## PROBLEM REQUIREMENTS
In the records below, find the line with "- Vom Gimpelhaus" and repeat exactly every line from it through the line with "The textile of". Pictures stay out.

## DATA PROVIDED
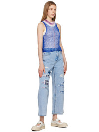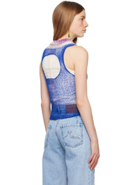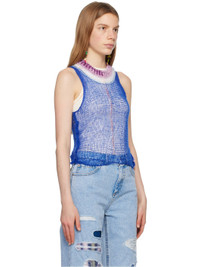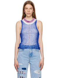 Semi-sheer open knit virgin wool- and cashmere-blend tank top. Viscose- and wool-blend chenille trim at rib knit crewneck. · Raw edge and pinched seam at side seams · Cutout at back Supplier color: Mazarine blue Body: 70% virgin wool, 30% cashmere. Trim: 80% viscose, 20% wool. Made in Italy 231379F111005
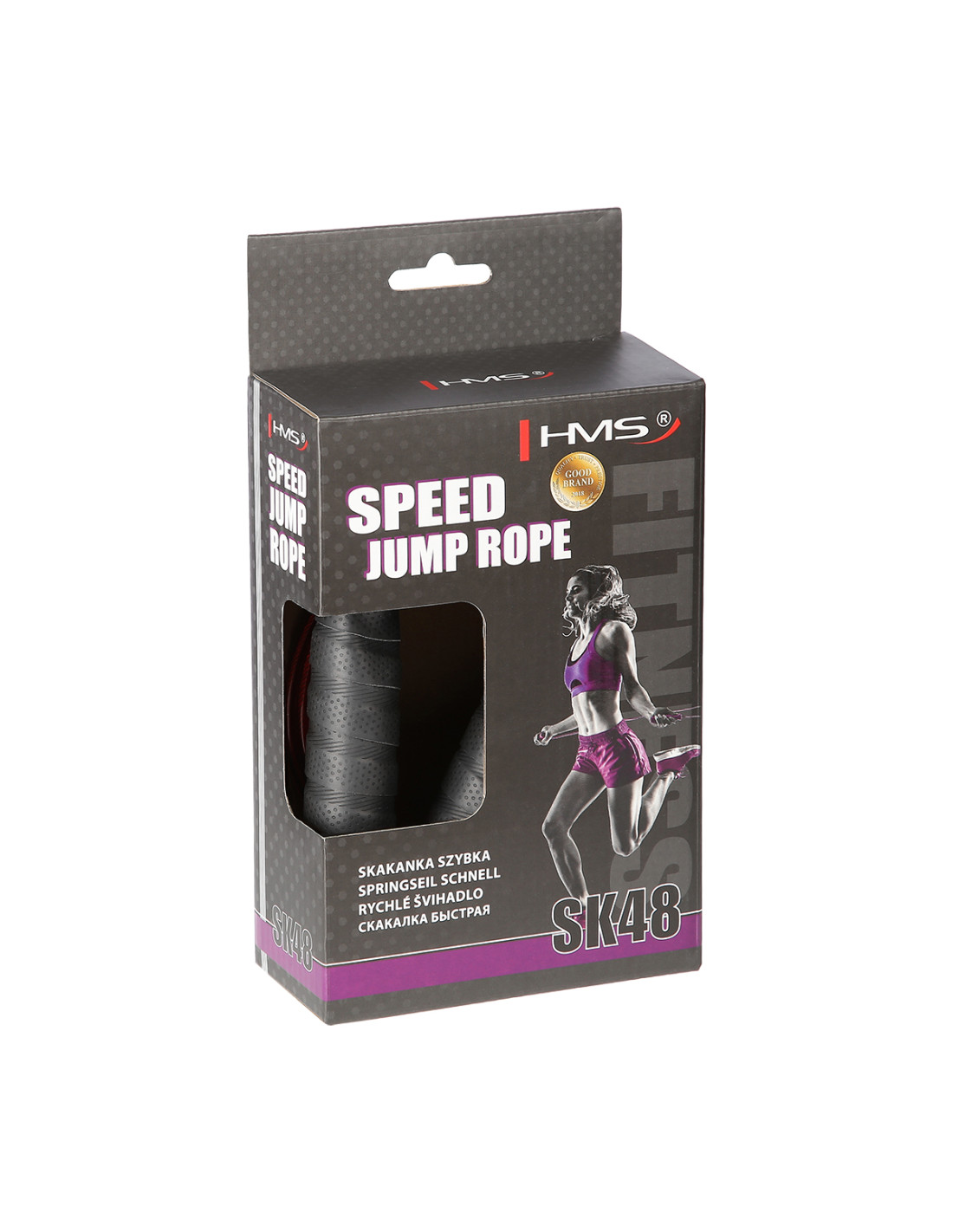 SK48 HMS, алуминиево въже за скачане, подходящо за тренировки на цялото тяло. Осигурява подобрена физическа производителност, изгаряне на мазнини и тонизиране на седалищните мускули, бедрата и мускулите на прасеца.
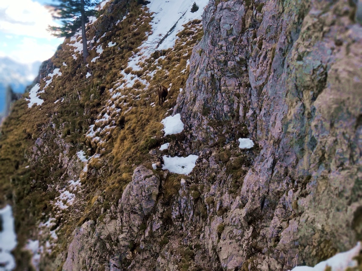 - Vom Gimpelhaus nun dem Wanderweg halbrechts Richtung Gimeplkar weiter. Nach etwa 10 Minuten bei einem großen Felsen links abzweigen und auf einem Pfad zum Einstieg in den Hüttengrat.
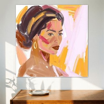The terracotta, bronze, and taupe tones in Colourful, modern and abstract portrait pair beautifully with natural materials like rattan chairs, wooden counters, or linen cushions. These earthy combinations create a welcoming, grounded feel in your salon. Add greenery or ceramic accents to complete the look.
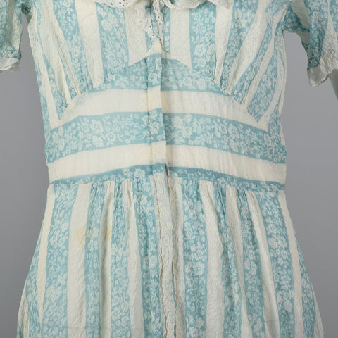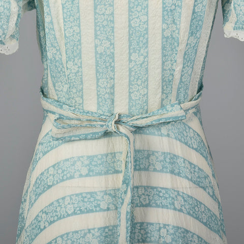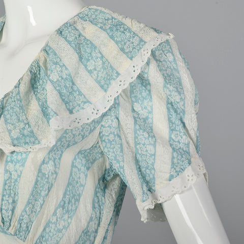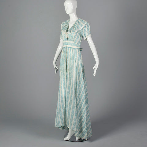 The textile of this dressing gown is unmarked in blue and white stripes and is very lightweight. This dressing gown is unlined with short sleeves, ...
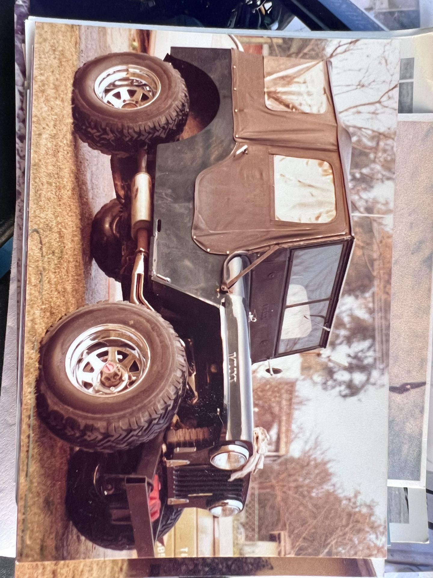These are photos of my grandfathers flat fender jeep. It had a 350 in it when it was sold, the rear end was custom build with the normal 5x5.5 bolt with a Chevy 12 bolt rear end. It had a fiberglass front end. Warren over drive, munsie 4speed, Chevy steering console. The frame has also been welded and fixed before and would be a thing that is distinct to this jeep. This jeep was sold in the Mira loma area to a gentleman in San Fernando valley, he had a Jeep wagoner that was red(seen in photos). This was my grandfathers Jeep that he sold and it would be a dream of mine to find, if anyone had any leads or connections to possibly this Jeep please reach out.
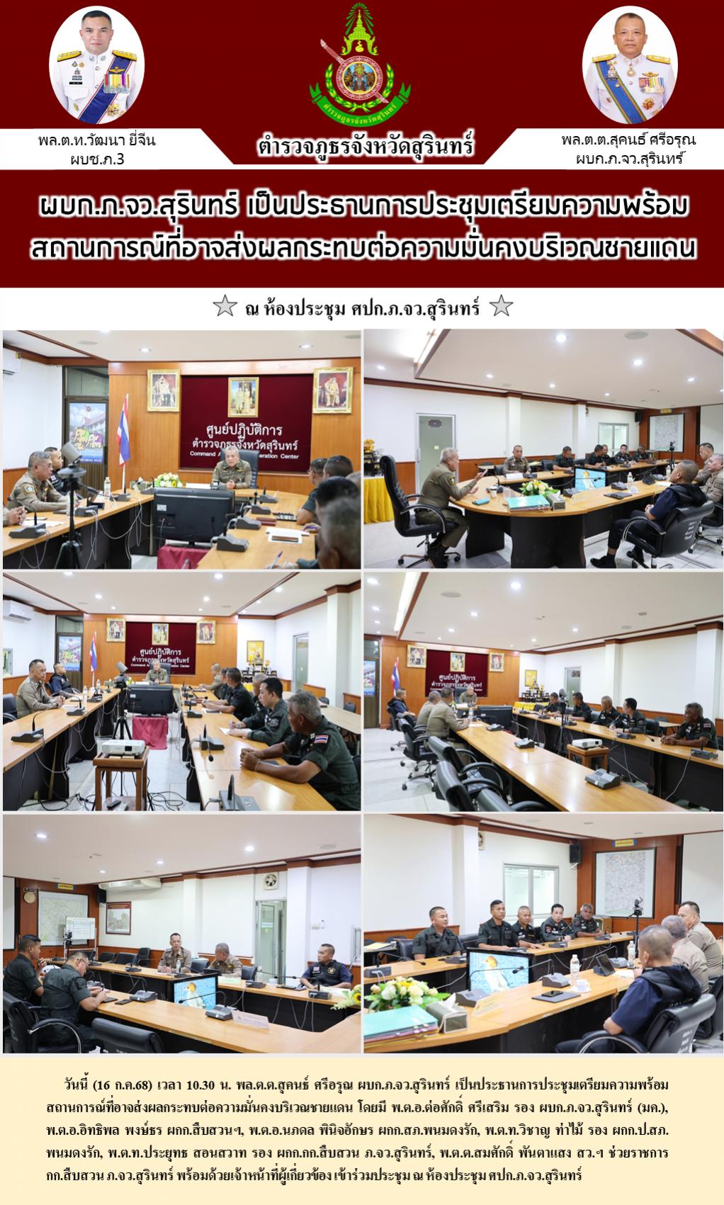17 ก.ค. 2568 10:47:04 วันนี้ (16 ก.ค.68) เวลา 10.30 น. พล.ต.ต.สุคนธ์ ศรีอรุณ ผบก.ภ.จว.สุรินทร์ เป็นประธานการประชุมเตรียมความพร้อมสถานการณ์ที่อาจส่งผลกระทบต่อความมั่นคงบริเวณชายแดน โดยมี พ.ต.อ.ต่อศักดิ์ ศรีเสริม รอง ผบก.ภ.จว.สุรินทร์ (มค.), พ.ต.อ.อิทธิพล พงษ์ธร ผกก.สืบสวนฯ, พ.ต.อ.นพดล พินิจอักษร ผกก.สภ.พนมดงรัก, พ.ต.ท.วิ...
...
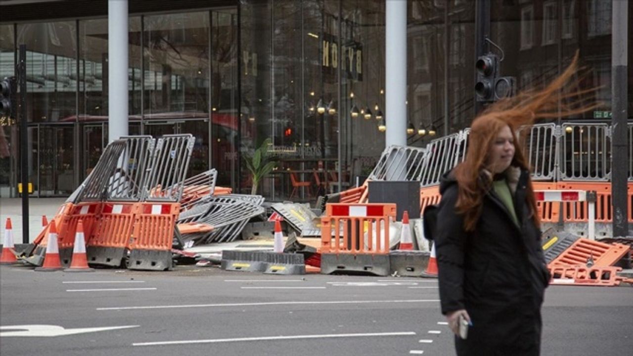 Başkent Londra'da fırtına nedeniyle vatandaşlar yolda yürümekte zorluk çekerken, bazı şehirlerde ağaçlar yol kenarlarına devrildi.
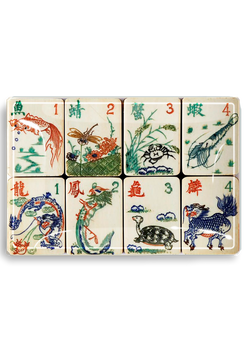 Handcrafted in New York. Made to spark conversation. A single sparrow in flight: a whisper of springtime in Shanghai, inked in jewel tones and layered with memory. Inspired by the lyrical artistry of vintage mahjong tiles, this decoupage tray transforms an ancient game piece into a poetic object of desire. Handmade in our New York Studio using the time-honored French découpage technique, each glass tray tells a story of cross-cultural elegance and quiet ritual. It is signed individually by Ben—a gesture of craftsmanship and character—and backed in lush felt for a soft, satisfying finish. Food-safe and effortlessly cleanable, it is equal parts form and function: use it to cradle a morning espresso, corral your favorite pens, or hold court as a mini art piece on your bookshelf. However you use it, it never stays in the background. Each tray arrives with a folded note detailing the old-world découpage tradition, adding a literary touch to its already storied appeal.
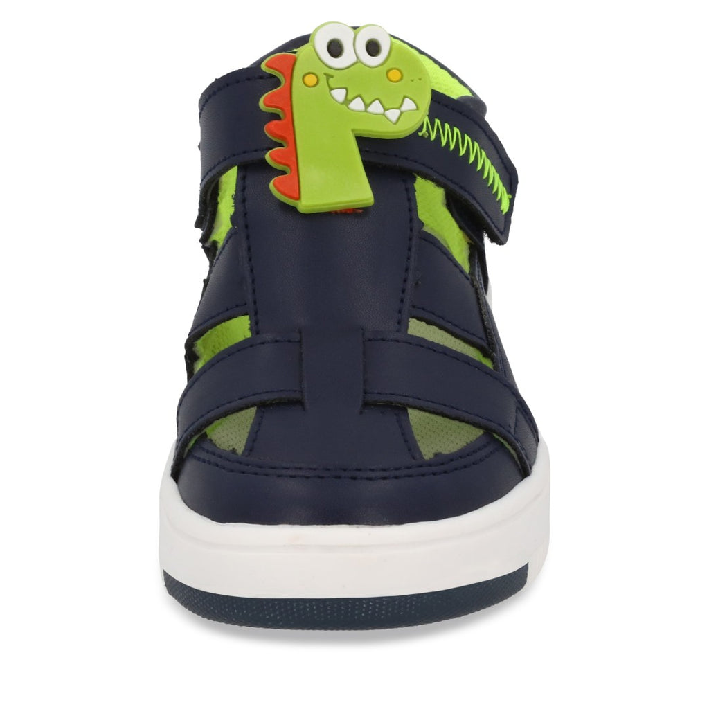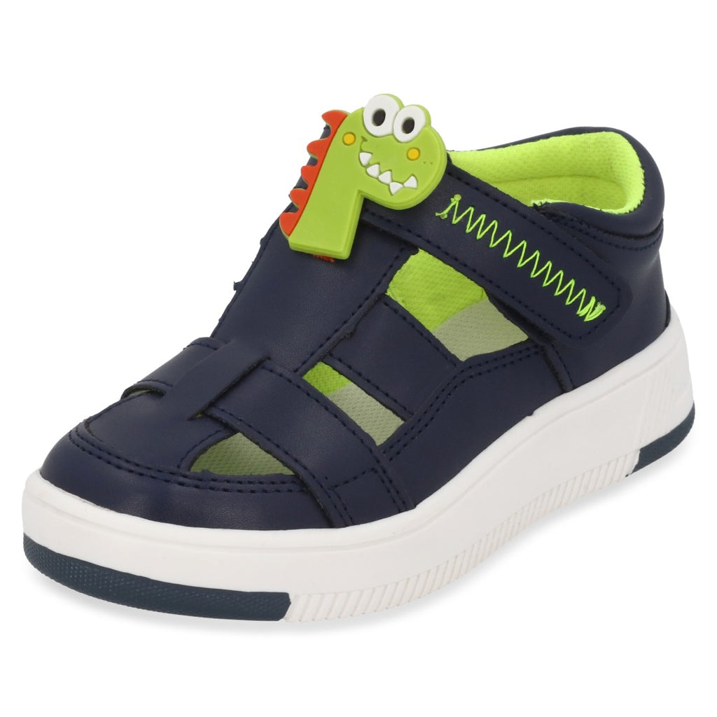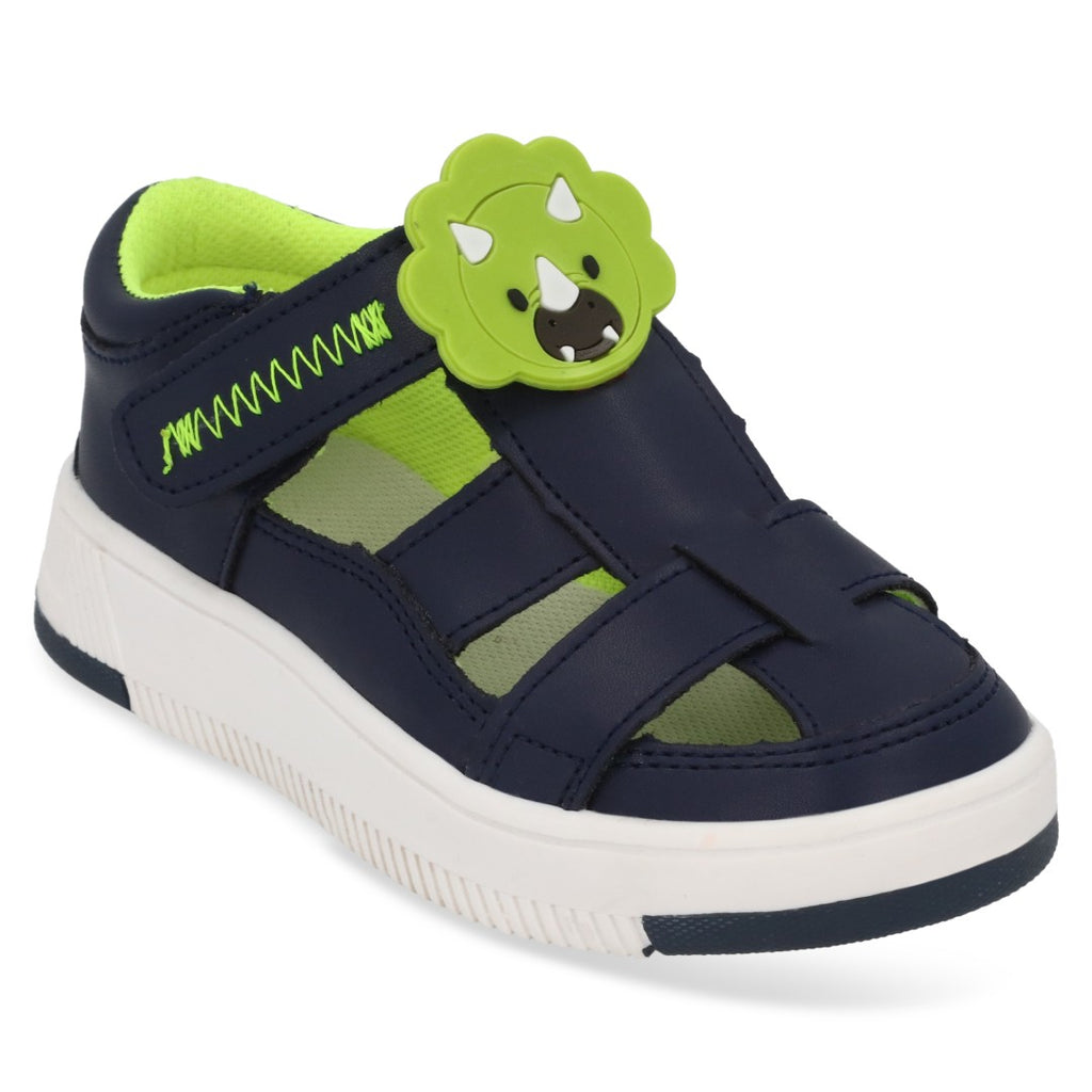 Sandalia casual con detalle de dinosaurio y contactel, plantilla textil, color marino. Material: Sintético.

## RESULT OF THE TASK
 - Vom Gimpelhaus nun dem Wanderweg halbrechts Richtung Gimeplkar weiter. Nach etwa 10 Minuten bei einem großen Felsen links abzweigen und auf einem Pfad zum Einstieg in den Hüttengrat.
The terracotta, bronze, and taupe tones in Colourful, modern and abstract portrait pair beautifully with natural materials like rattan chairs, wooden counters, or linen cushions. These earthy combinations create a welcoming, grounded feel in your salon. Add greenery or ceramic accents to complete the look.
 The textile of this dressing gown is unmarked in blue and white stripes and is very lightweight. This dressing gown is unlined with short sleeves, ...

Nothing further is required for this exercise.